The invention provides an efficient data merging method, which is characterized by comprising the following steps: the data publisher publishes data information through N data sources, N is larger than or equal to 2, the data merging unit is simultaneously accessed into the N data sources to merge N data obtained from the N data sources into one data to be output, and the client uses the data output by the data merging unit, wherein the data merging unit merges the N data into one data by adopting the following steps. The data merging unit of the invention eliminates the repeated data in the N paths of data by using the data merging rule formulated by the data publisher, thereby merging the N paths of data into one path of data for the client to use. The data publisher can flexibly define the data merging rules according to needs, and the client as the data receiving device does not need to change. The data merging unit can perform merging calculation in real time by using the data merging rule, and avoids data delay and data loss caused by retransmission and source switching.

Description

Efficient data merging method
Technical Field
The invention relates to a data merging method.
Background
For data transmitted in real time, a data provider provides two or even multiple data sources for downstream users to access and use in order to ensure the stability of the data and reduce the influence after hardware faults such as network interruption, machine downtime and the like occur. The device for accessing data generally adopts the following two ways to ensure the access of the dual data sources: the first way-client primary and standby; the second approach-client dual-source access.
As shown in fig. 1, the primary and standby clients access two data sources for a client program, one is primary data, and the other is standby data. If the main path data has a problem, the client program is actively switched to the standby data. The master-standby mode of the client can cause a large amount of data to be missing in a short time or delay.
As shown in fig. 2, the client dual-source access means that one client program accesses two data sources simultaneously and stores the data sources, and can be switched quickly when a problem occurs. Although the client-side dual-source access mode solves the problem of missing a large amount of data in a short time or delaying a large amount of data, a client-side program needs to store two pieces of data, and therefore resources are wasted.
Disclosure of Invention
The technical problem to be solved by the invention is as follows: the existing data switching mode has untimely switching and data waste.

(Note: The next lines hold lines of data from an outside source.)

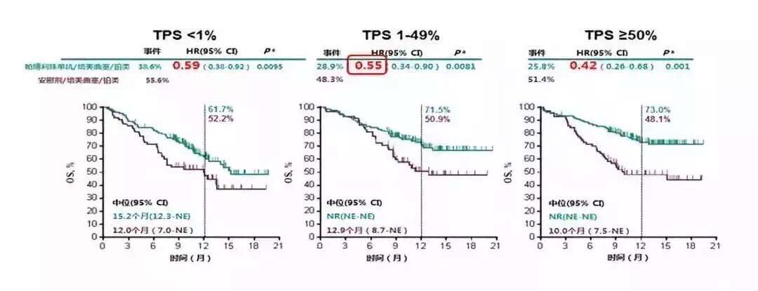 而pdl1>50的,病情进展不明显的,能单药还有必要联合吗?答案是肯定的,对于高表达的,联合的有效率和生存期,也是比单药高。下图是pdl1阴影,pdl1 1~49%以及>50%三种情况,免疫联合化疗和单化疗的对比:(绿色k➕c,黑色单化疗)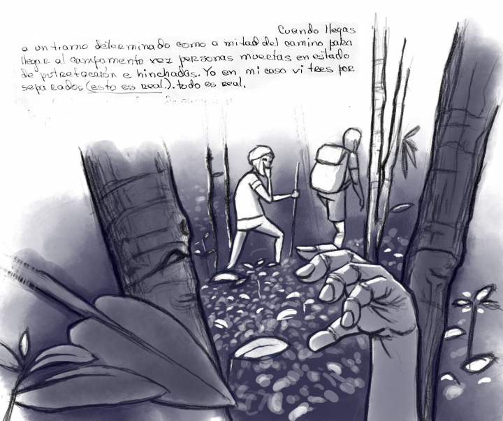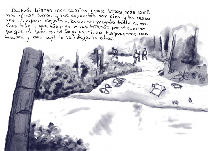 Después viene más camino y más lomas, más caminos y más lomas y por supuesto con ríos y las personas siempre mojadas. Duermes mojado todas las noches. Todo lo que cargues lo vas botando por el camino porque el peso no te deja caminar. Las personas más fuertes y más agiles te van dejando atrás. Cuando llegas a un tramo determinado como a mitad de camino para llegar al campamento (de Bajo Chiquito ya en Panamá) ves personas muertas, en estado de putrefacción e hinchadas. Yo en mi caso vi tres por separado. Esto es real. Todo es real.
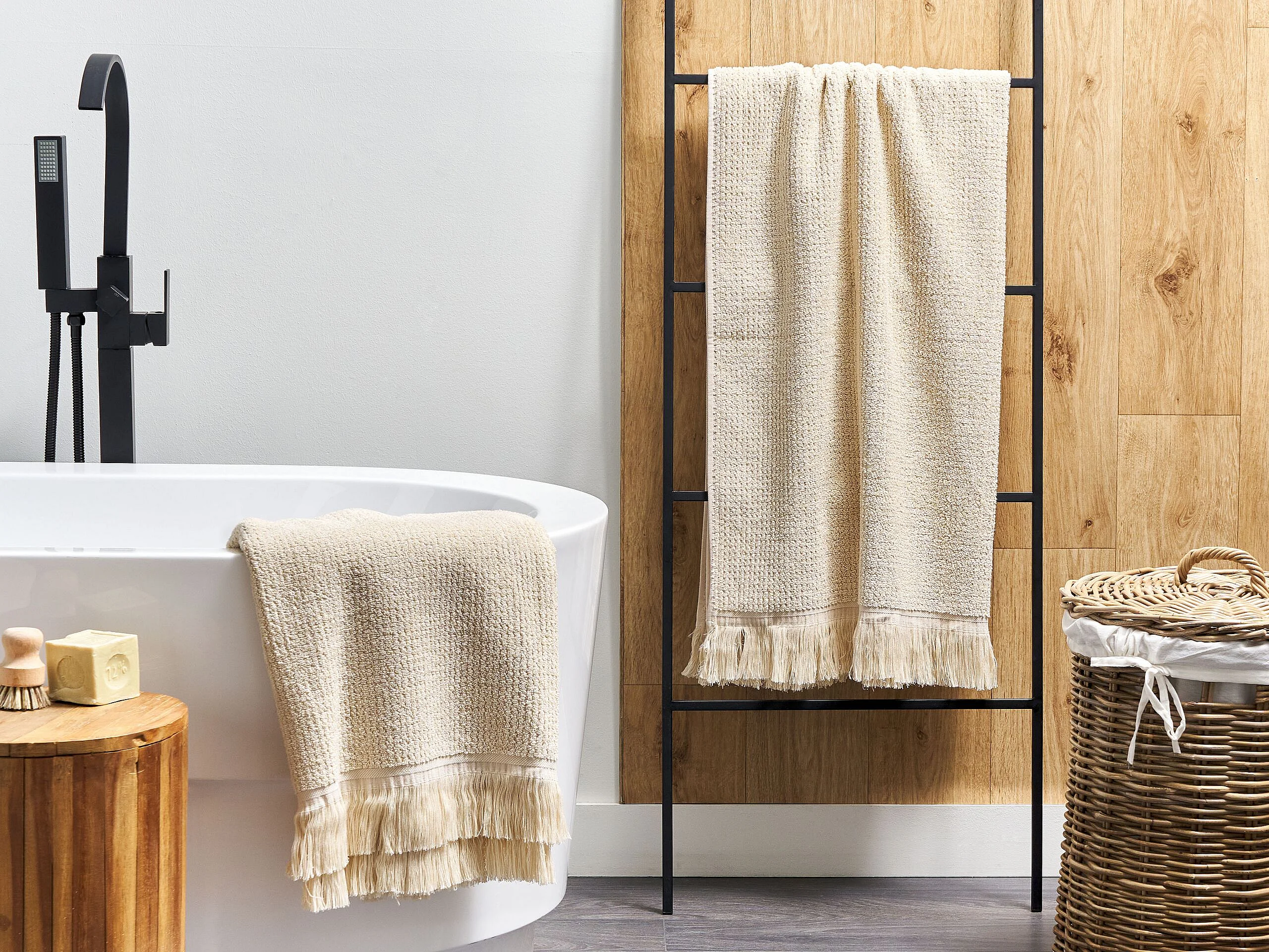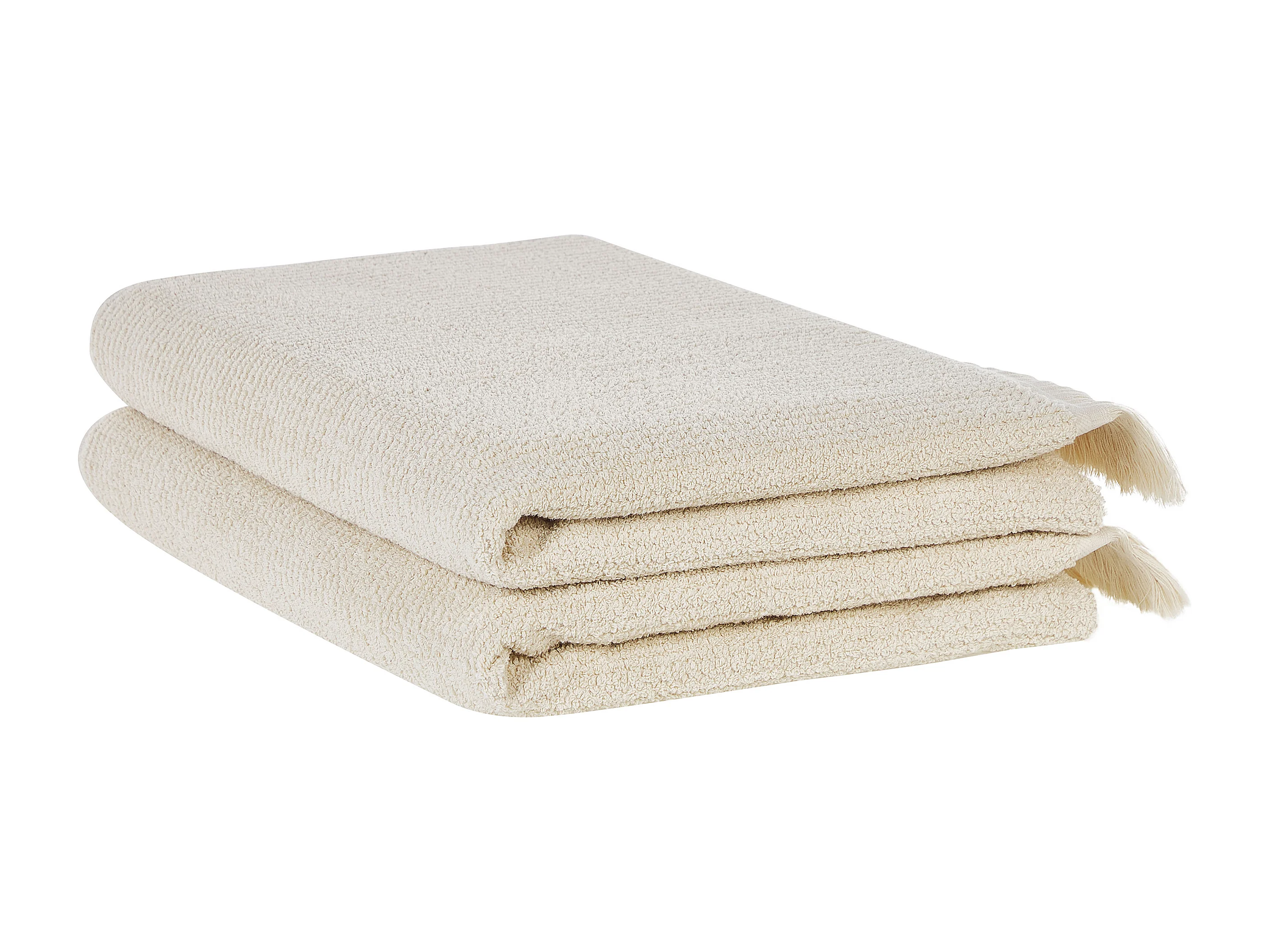 Luxus Handtuch 2er Set Baumwolle beige Strandtuch 100 x 150 cm mit Fransen Atiu

In order to solve the above technical problem, a technical solution of the present invention is to provide an efficient data merging method, which is characterized by comprising the following steps:
the data publisher publishes data information through N data sources, N is more than or equal to 2, the data merging unit is simultaneously accessed into the N data sources to merge N data obtained from the N data sources into one data to be output, and the client uses the data output by the data merging unit, wherein the data merging unit merges the N data into one data by adopting the following steps:
step 1, a data merging rule is formulated by a data publisher, the data merging rule consists of M sub-rules, M is more than or equal to 1, each sub-rule defines a data type field, a calculation sequence field and a calculation direction field respectively, wherein: defining the data type of the current sub-rule through a data type field; when rule judgment is carried out through the definition of the calculation sequence field, the calculation sequence of the current sub-rule in all the M sub-rules is judged from the 1 st sub-rule to the M sub-rule in sequence according to the calculation sequence field when the rule judgment is carried out; defining the change trend of data type data of the current sub-rule twice by calculating a direction field;
the data format of the data message issued by the N-path data source comprises a message header field head and a message content field data, wherein: if the current data message needs to be merged, the head of the message header field is not empty, otherwise, the head of the message header field is empty, the data of the head of the message header field consists of data of different data types, and the adopted data type is determined according to the data type field of the M sub-rules; the message content field data is used for storing data which are actually required to be published by a data publisher;
step 2, the data merging unit receives and stores the data merging rules given by the data publisher;
the data merging unit initializes M comparison values corresponding to the M sub-rules one by one according to the values of the data type fields of the M sub-rules and the values of the calculation sequence fields, the data type of the mth comparison value is equivalent to the data type determined by the values of the data type fields of the mth sub-rule, and M is 1, …, M;
step 3, after receiving a data message, the data merging unit judges whether a header field head of the data message is empty, if so, the step 10 is executed, and if not, the step 4 is executed;
step 4, judging whether a data merging rule is stored, if so, entering step 5, otherwise, entering step 10;
step 5, setting m to be 1;
step 6, acquiring the mth sub-rule, and analyzing the message header field head of the current data message according to the data type field of the mth sub-rule to acquire an mth judgment value;
step 7, comparing the mth judgment value with the mth comparison value, judging whether the change of the mth comparison value compared with the mth judgment value meets the change trend specified by the calculation direction field of the mth sub-rule, if so, entering step 8, and if not, discarding the current data message and returning to step 3 to continue judging the next data message;
step 8, judging whether M is equal to M, if so, updating M comparison values by using the obtained M judgment values and then entering step 10, otherwise, further judging whether M is smaller than M, if so, entering step 9, and if M is larger than M, updating M comparison values by using the obtained M judgment values and then entering step 10;
step 9, updating m to m +1 and returning to step 6;
and step 10, after data are extracted from the message content field data of the current data message, the extracted data are used as data after N paths of data are combined for a client to use.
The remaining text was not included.